What you should do » Skip the pictures. Give all the data again exactly.

Input »
==============================

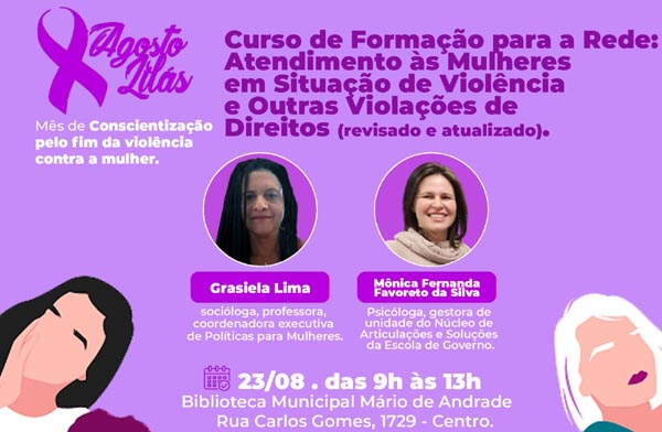 "Agosto Lilás" terá curso sobre protocolo de atendimento às mulheres em situação de violência
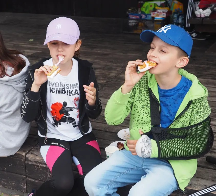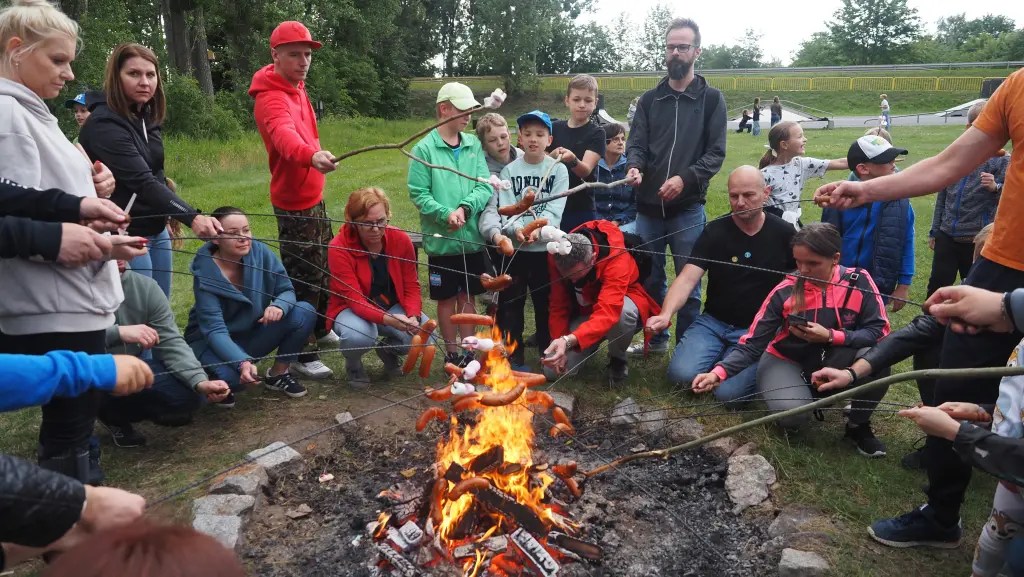 Po treningu część piknikowa – ognisko i pieczone kiełbaski, chlebek ze smalczykiem i ogórkiem, słodkie przekąski i owoce. Potem wszyscy rozbiegli się do zajęć w podgrupach 🙂 – a to gra w piłkę, a to plac zabaw, a to jazda na hulajnodze…
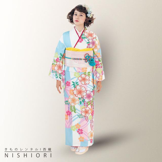 訪問着 レンタル 着物 貸衣装 フルセット HL アッシュエル ブランド 水色 No.0031
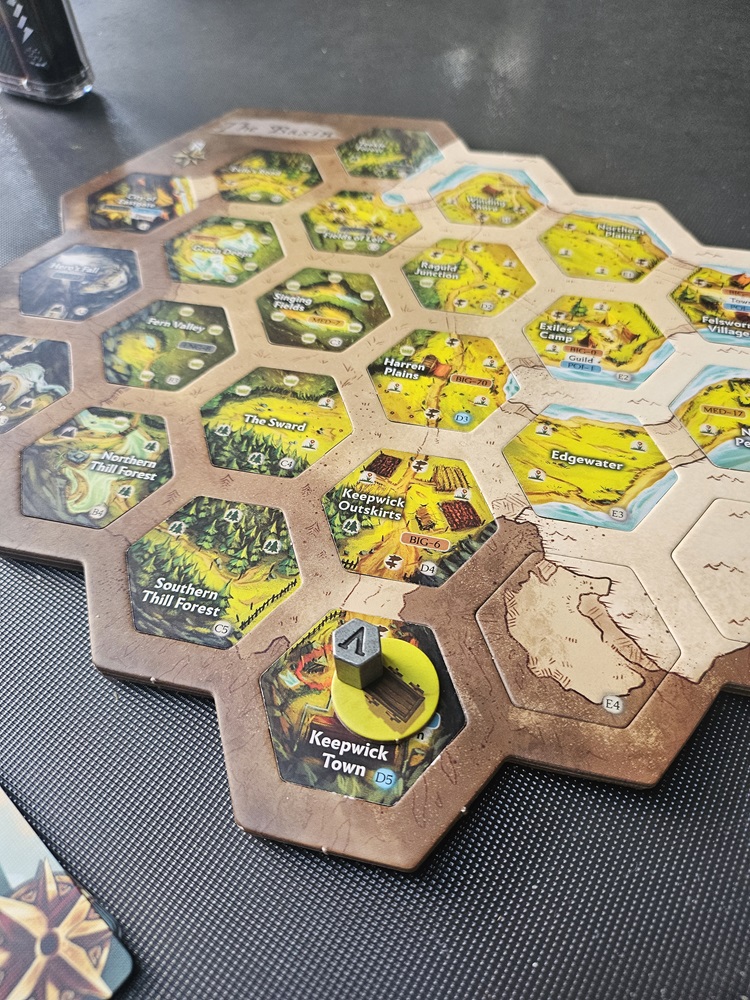 Wir benötigten den halben Spieleabend des dritten Treffens sowie ein gesamtes weiteres Treffen um unserem Fehler auf die Schliche zu kommen: Wir haben an Tag 2 aufgrund niedriger Ausdauer vermieden eine Ortskarte in einem Wald aufzudecken und zu spielen! Nun hatten wir mit den Aufgaben eine Mege Geld verdient, aber leider auch Zeit verloren, sofern es hier ein Maximum gibt. Das kann ich mir aber gut vorstellen, da die Tage gezählt werden und nach und nach immer neue Karten zu dem Zeitstapel hinzugefügt werden. Es fühlt sich aber an, als hätten wir noch eine Menge Zeit übrig. Diesen vermeidbaren Fehler nun gefühlt endlich gefunden zu haben steigerte unsere Motivation sehr. Allerdings verschoben wir die Fortsetzung dieser Geschichte auf den nächsten Spieltag.
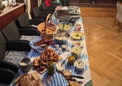 Weißwurst, Obatzter, Laugenstangen, Krautsalat, bayrischem Kartoffelsalat und liebevoll selbstgemachten Brezeln
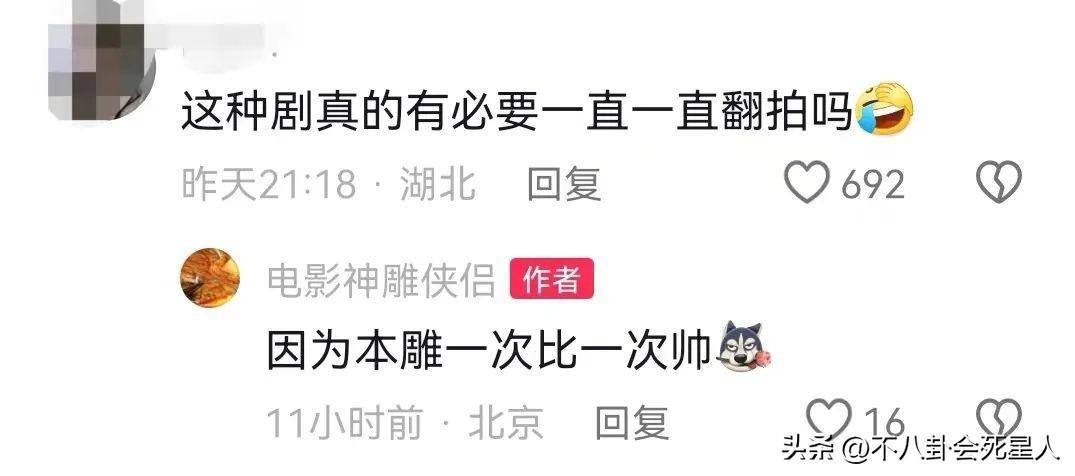 看了新版《神鵰俠侶》的預告後,許多網友都不看好,覺得太拉胯了,並且翻拍《神鵰俠侶》已經不是第一次了,故事都拍爛了,覺得完全沒必要。
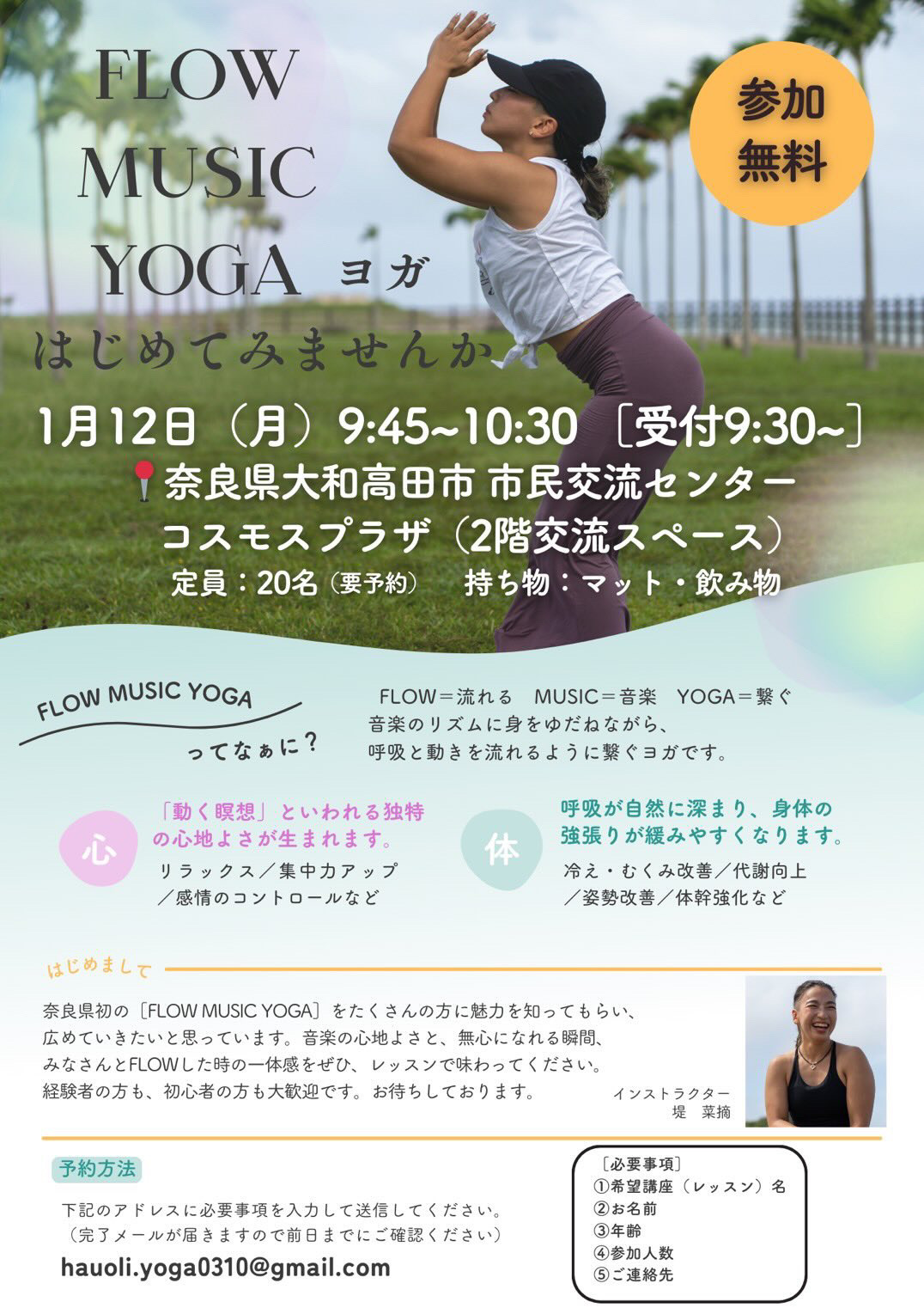 FLOW MUSIC YOGA Tweet 更新日:2025年12月08日 イベント情報 活動場所 2階交流スペース 開催日時 1月12日(月曜日)9:45~10:30 連絡先 hauoli.yoga0310@gmail.com
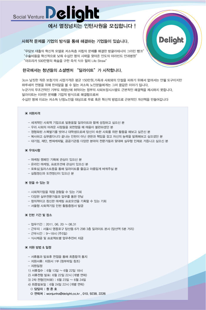 [인턴모집] 사회적기업 딜라이트에서 함께할 열정있는 청년들을 모집합니다. 작성자딜라이트 인사담당자|작성시간11.06.14|조회수354 목록 댓글 1 글자크기 작게가 글자크기 크게가 딜라이트_인턴_지원서.hwp 첨부파일첨부된 파일이 2개 있습니다. jpg 파일 인턴모집-웹용1.jpg 다운로드 hwp 파일 딜라이트_인턴_지원서.hwp 다운로드 다음검색 현재 게시글 추가 기능 열기 북마크 공유하기 신고 센터로 신고 댓글 댓글 1 댓글쓰기 답글쓰기 댓글 리스트 작성자somade | 작성시간 11.06.17 드디어 왔군요 댓글 전체보기

==============================

Problem solution »
 "Agosto Lilás" terá curso sobre protocolo de atendimento às mulheres em situação de violência
 Po treningu część piknikowa – ognisko i pieczone kiełbaski, chlebek ze smalczykiem i ogórkiem, słodkie przekąski i owoce. Potem wszyscy rozbiegli się do zajęć w podgrupach 🙂 – a to gra w piłkę, a to plac zabaw, a to jazda na hulajnodze…
 訪問着 レンタル 着物 貸衣装 フルセット HL アッシュエル ブランド 水色 No.0031
 Wir benötigten den halben Spieleabend des dritten Treffens sowie ein gesamtes weiteres Treffen um unserem Fehler auf die Schliche zu kommen: Wir haben an Tag 2 aufgrund niedriger Ausdauer vermieden eine Ortskarte in einem Wald aufzudecken und zu spielen! Nun hatten wir mit den Aufgaben eine Mege Geld verdient, aber leider auch Zeit verloren, sofern es hier ein Maximum gibt. Das kann ich mir aber gut vorstellen, da die Tage gezählt werden und nach und nach immer neue Karten zu dem Zeitstapel hinzugefügt werden. Es fühlt sich aber an, als hätten wir noch eine Menge Zeit übrig. Diesen vermeidbaren Fehler nun gefühlt endlich gefunden zu haben steigerte unsere Motivation sehr. Allerdings verschoben wir die Fortsetzung dieser Geschichte auf den nächsten Spieltag.
 Weißwurst, Obatzter, Laugenstangen, Krautsalat, bayrischem Kartoffelsalat und liebevoll selbstgemachten Brezeln
 看了新版《神鵰俠侶》的預告後,許多網友都不看好,覺得太拉胯了,並且翻拍《神鵰俠侶》已經不是第一次了,故事都拍爛了,覺得完全沒必要。
 FLOW MUSIC YOGA Tweet 更新日:2025年12月08日 イベント情報 活動場所 2階交流スペース 開催日時 1月12日(月曜日)9:45~10:30 連絡先 hauoli.yoga0310@gmail.com
 [인턴모집] 사회적기업 딜라이트에서 함께할 열정있는 청년들을 모집합니다. 작성자딜라이트 인사담당자|작성시간11.06.14|조회수354 목록 댓글 1 글자크기 작게가 글자크기 크게가 딜라이트_인턴_지원서.hwp 첨부파일첨부된 파일이 2개 있습니다. jpg 파일 인턴모집-웹용1.jpg 다운로드 hwp 파일 딜라이트_인턴_지원서.hwp 다운로드 다음검색 현재 게시글 추가 기능 열기 북마크 공유하기 신고 센터로 신고 댓글 댓글 1 댓글쓰기 답글쓰기 댓글 리스트 작성자somade | 작성시간 11.06.17 드디어 왔군요 댓글 전체보기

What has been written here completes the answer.